Source material:
★ ★ ★ ★ ★ ★ ★

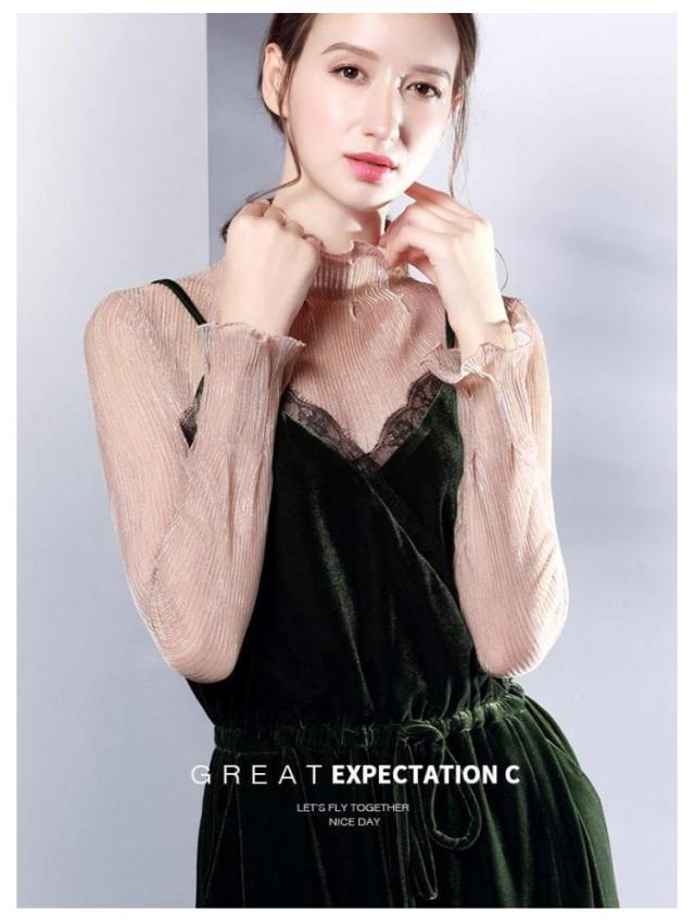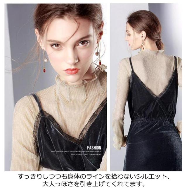 インナー シアー プリーツtシャツ 下着 レディース トップス シアートップス 長袖 ハイネック 透けトップス 肌着 重ね着 ラメ入り メロウフリル きれいめ レイヤードトップス 春 夏 S M L XL
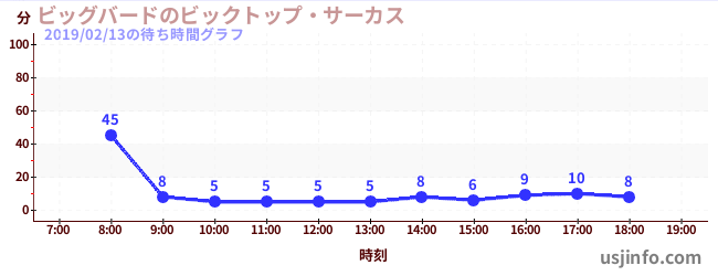 • ビッグバードのビックトップ・サーカス$B$N(B2019年02月13日の待ち時間
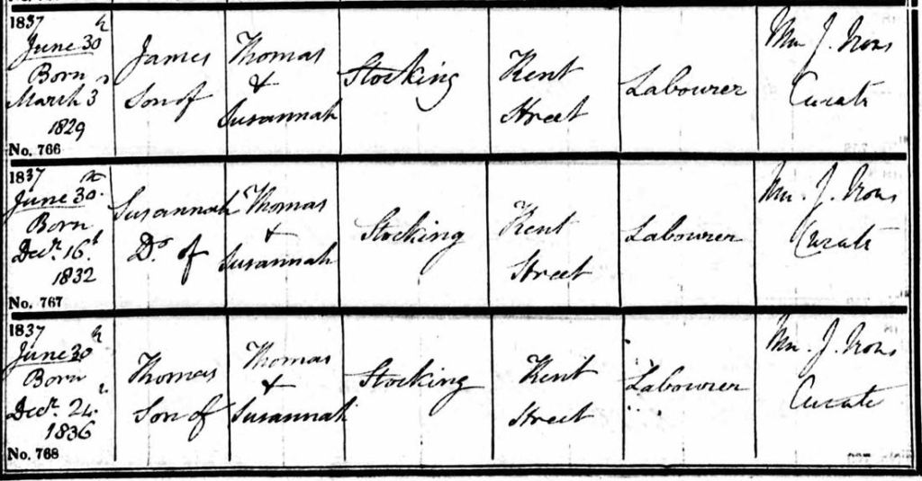 Helpfully, the register shows the children’s dates of birth: James Stocking was born on 3 March 1829; sister Susannah, on 16 December 1832 and brother Thomas on Christmas Eve 1836. Their father Thomas Stocking is shown at the time as a Labourer of Kent Street. The couple had previously baptised a daughter Susannah, at St Saviour, Southwark, born in 1827, who died in 1829. At the time of her baptism, her parents’ address is just given as ‘St George’s’.

★ ★ ★ ★ ★ ★ ★

Work order: Pictures must not appear in the copy, which must otherwise match the listing exactly.

Exercise result:
 インナー シアー プリーツtシャツ 下着 レディース トップス シアートップス 長袖 ハイネック 透けトップス 肌着 重ね着 ラメ入り メロウフリル きれいめ レイヤードトップス 春 夏 S M L XL
 • ビッグバードのビックトップ・サーカス$B$N(B2019年02月13日の待ち時間
 Helpfully, the register shows the children’s dates of birth: James Stocking was born on 3 March 1829; sister Susannah, on 16 December 1832 and brother Thomas on Christmas Eve 1836. Their father Thomas Stocking is shown at the time as a Labourer of Kent Street. The couple had previously baptised a daughter Susannah, at St Saviour, Southwark, born in 1827, who died in 1829. At the time of her baptism, her parents’ address is just given as ‘St George’s’.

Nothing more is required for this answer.